I’ve tried the diets, the weighing in,
I’ve thrown all the handbooks in the bin
Cos they all have a habit of doing the same,
Most of all they tend to drive me insane.
People say “oh you don’t look that big”,
When i’m thinking that i look like a pig,
And when i’m shovelling food in my face
I think that a troth would do nicely; be ace.
The free food, points and the food plans
I’ve had enough of assessing the fat on the cans
And carrots are “free”, i binged on those instead,
Til my wee turned orange and i got a light head.
I need to eat less, do some exercise,
Need to stop eating pizza, chips, all the pies,
I need to sort out why i eat this way
Stop the worry and stress about how much i weigh.
I want to feel healthy both inside and out,
SO STOP EATING CAKE i can hear you shout,
And i would if the food didn’t make me feel good
Before the guilt sets in and I think could, would, should.
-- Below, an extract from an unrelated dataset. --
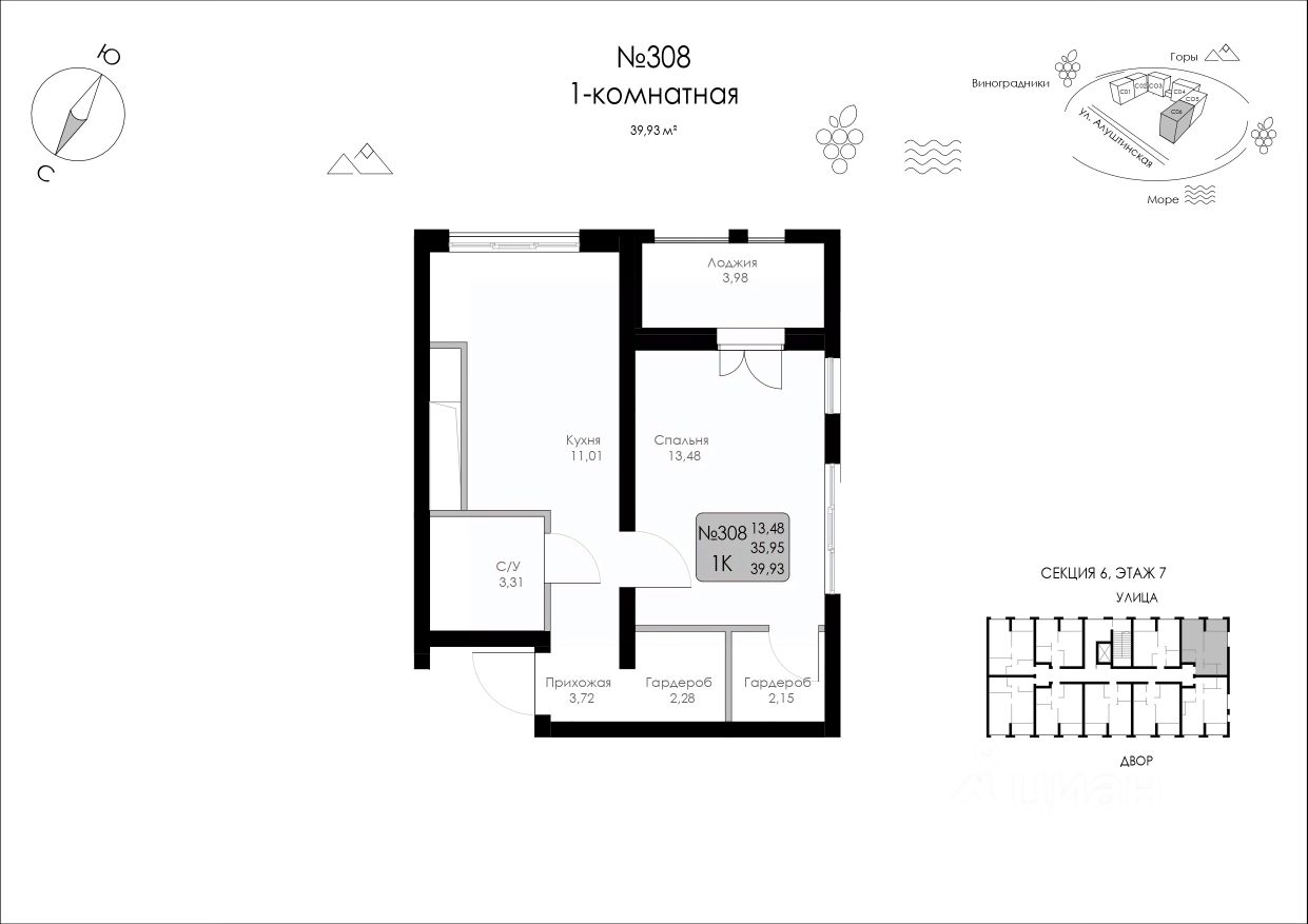 Продаётся 1-комнатная квартира в строящемся доме (Строение 1), срок сдачи: I-кв. 2027, общей площадью 39.93 кв.м., на 7 этаже.

Don’t eat chocolate til i’m told “Dont do that!”,
I don’t want pizza cos i know i’ll get fat,
But put me on a diet and I’ll want it all more
I think if i had to, I’d eat food off the floor.
I’m a yo-yo eater this i have to confess
My wordrobe is full of 10 to 18 size dress,
I’m done with all this, and I can sort out this stuff,
Cos with Body Gossips help i know I’M GOOD ENOUGH!